> _Required action_
Pictures aside, write out the data exactly as it reads.

> _Source data_
----
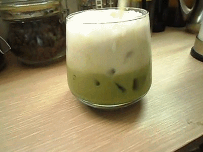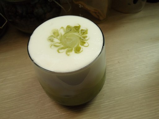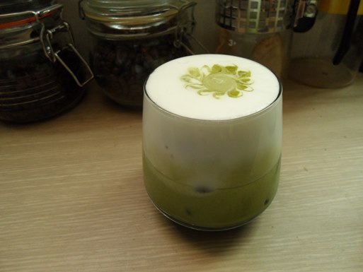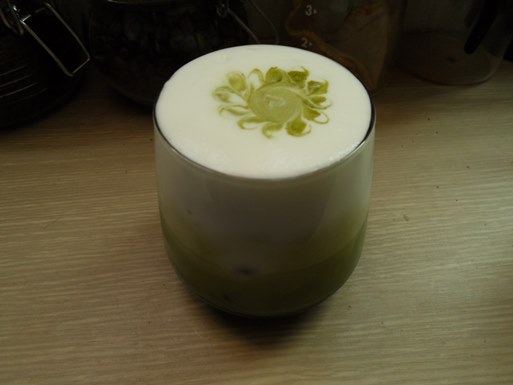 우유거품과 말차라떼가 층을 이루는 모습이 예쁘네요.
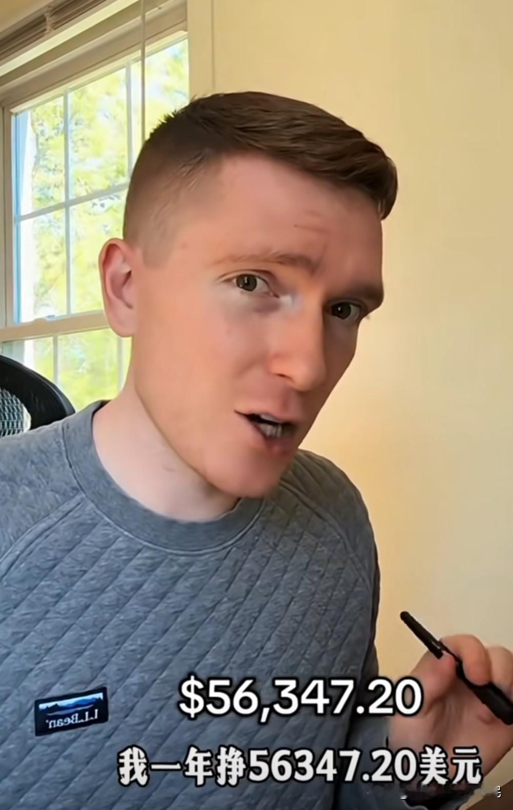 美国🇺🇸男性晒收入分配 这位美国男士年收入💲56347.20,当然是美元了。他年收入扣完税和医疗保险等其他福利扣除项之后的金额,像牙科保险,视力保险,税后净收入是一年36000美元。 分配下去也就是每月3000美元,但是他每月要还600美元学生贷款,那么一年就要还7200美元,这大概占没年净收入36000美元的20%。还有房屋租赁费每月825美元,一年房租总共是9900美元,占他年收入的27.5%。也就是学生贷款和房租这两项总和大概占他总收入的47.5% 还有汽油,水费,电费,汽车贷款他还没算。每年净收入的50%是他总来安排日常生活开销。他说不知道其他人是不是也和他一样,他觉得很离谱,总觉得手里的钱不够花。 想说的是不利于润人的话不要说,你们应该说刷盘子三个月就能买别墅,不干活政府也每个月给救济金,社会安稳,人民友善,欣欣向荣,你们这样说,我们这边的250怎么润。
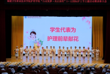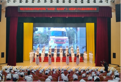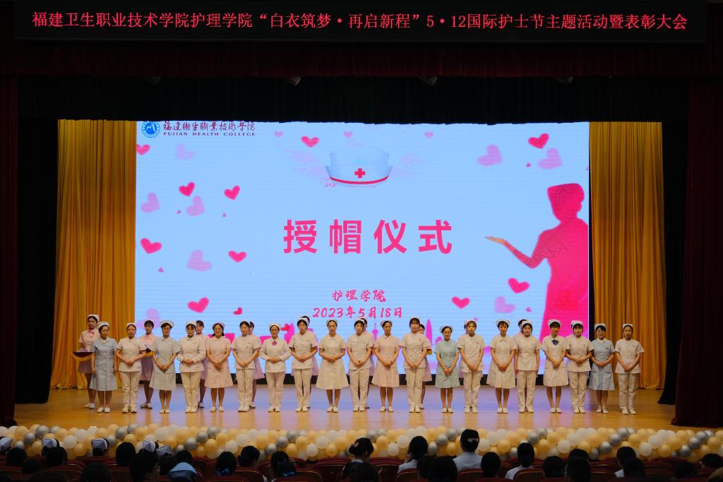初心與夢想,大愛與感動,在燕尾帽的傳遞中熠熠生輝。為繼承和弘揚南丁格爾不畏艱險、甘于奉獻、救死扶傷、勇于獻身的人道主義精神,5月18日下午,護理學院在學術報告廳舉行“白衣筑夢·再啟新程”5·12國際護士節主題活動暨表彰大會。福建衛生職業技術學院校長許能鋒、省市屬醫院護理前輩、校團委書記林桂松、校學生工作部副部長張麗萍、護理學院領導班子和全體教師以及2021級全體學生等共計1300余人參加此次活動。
----
> _Problem solution_
 우유거품과 말차라떼가 층을 이루는 모습이 예쁘네요.
 美国🇺🇸男性晒收入分配 这位美国男士年收入💲56347.20,当然是美元了。他年收入扣完税和医疗保险等其他福利扣除项之后的金额,像牙科保险,视力保险,税后净收入是一年36000美元。 分配下去也就是每月3000美元,但是他每月要还600美元学生贷款,那么一年就要还7200美元,这大概占没年净收入36000美元的20%。还有房屋租赁费每月825美元,一年房租总共是9900美元,占他年收入的27.5%。也就是学生贷款和房租这两项总和大概占他总收入的47.5% 还有汽油,水费,电费,汽车贷款他还没算。每年净收入的50%是他总来安排日常生活开销。他说不知道其他人是不是也和他一样,他觉得很离谱,总觉得手里的钱不够花。 想说的是不利于润人的话不要说,你们应该说刷盘子三个月就能买别墅,不干活政府也每个月给救济金,社会安稳,人民友善,欣欣向荣,你们这样说,我们这边的250怎么润。
初心與夢想,大愛與感動,在燕尾帽的傳遞中熠熠生輝。為繼承和弘揚南丁格爾不畏艱險、甘于奉獻、救死扶傷、勇于獻身的人道主義精神,5月18日下午,護理學院在學術報告廳舉行“白衣筑夢·再啟新程”5·12國際護士節主題活動暨表彰大會。福建衛生職業技術學院校長許能鋒、省市屬醫院護理前輩、校團委書記林桂松、校學生工作部副部長張麗萍、護理學院領導班子和全體教師以及2021級全體學生等共計1300余人參加此次活動。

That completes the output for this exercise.